WHAT YOU NEED TO DO: The copy you return should hold only the lines from the top of the data below through the line with "Tea garden Lok Adalat at", each duplicated exactly and with no pictures.

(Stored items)
⁂
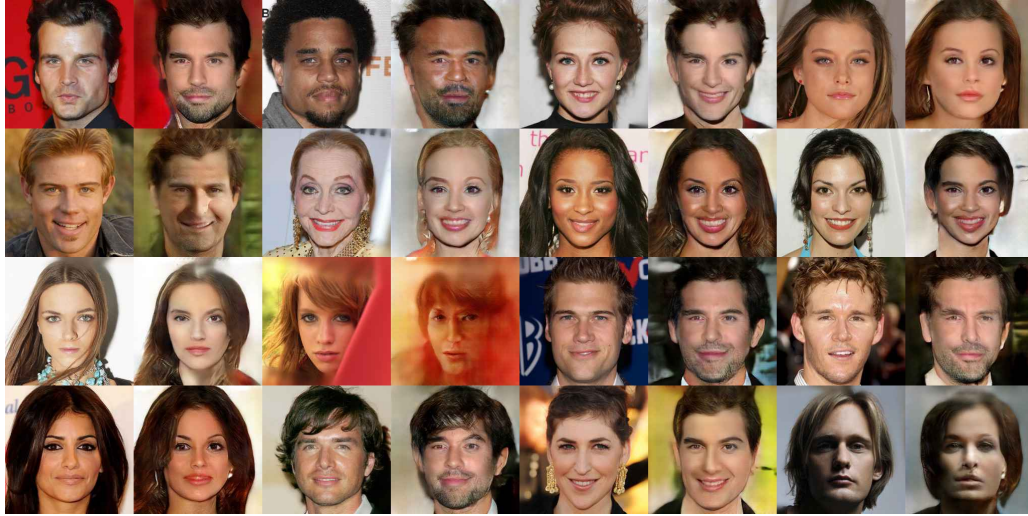
Figure 3: Reconstruction(right) of real images(left) on 256x256 resolution.
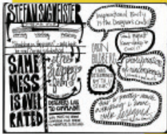
sagmeister's life advice

COMPLAINING IS SILLY. EITHER ACT OR FORGET. ~ STEFAN SAGMEISTER
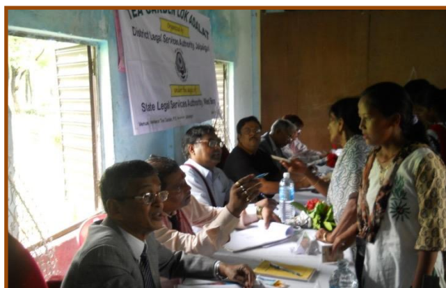
Tea garden Lok Adalat at Bagrakote Tea garden, Jalpaiguri

After the success of the previous Tea Garden Lok Adalats, WBSLSA organised more such Lok Adalats at Bagrakote Tea Garden, Malbazar, Jalpaiguri and Bandapani Tea Gardens, Alipurduar, Jalpaiguri on 24.07.16 and 24.09.16. About 3610 matters were disposed of. The matters varied from old age pension, widow pension to P.F., gratuity, non-issuance of ration card, etc.
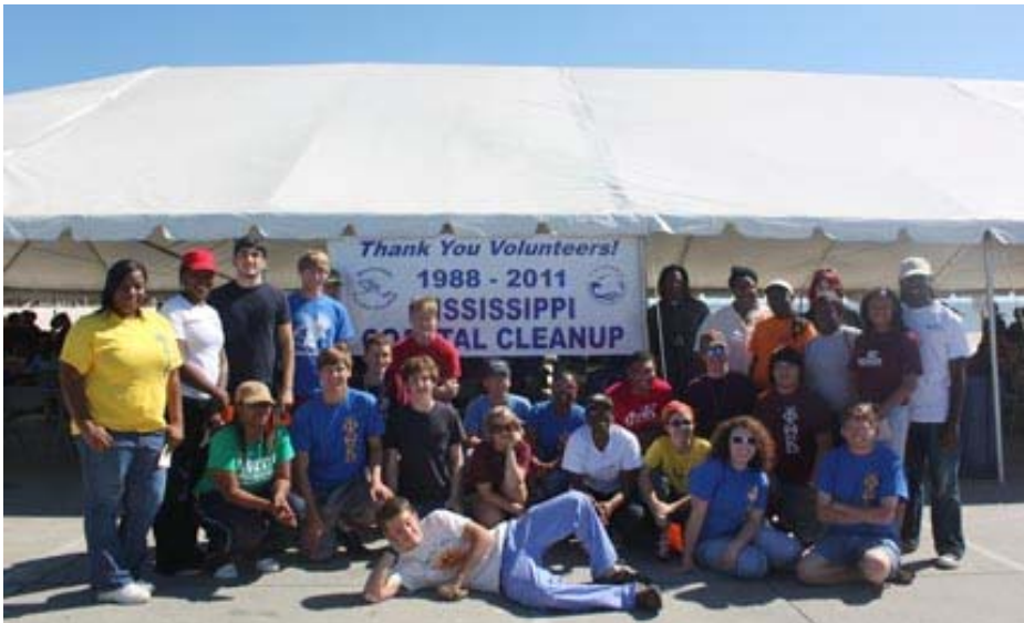
Photo I: A group of 38 students and faculty from Hinds Community College took the 3-hour trip down to the Coast to participate in the cleanup. After collecting trash at the Rodenberg Avenue site, they were among the 550 volunteers who enjoyed a free lunch courtesy of the Gulf Coast Restaurant Group at the Ken Combs Pier in Gulfport.
⁂
ANSWER BELOW:
Figure 3: Reconstruction(right) of real images(left) on 256x256 resolution.
sagmeister's life advice

COMPLAINING IS SILLY. EITHER ACT OR FORGET. ~ STEFAN SAGMEISTER
Tea garden Lok Adalat at Bagrakote Tea garden, Jalpaiguri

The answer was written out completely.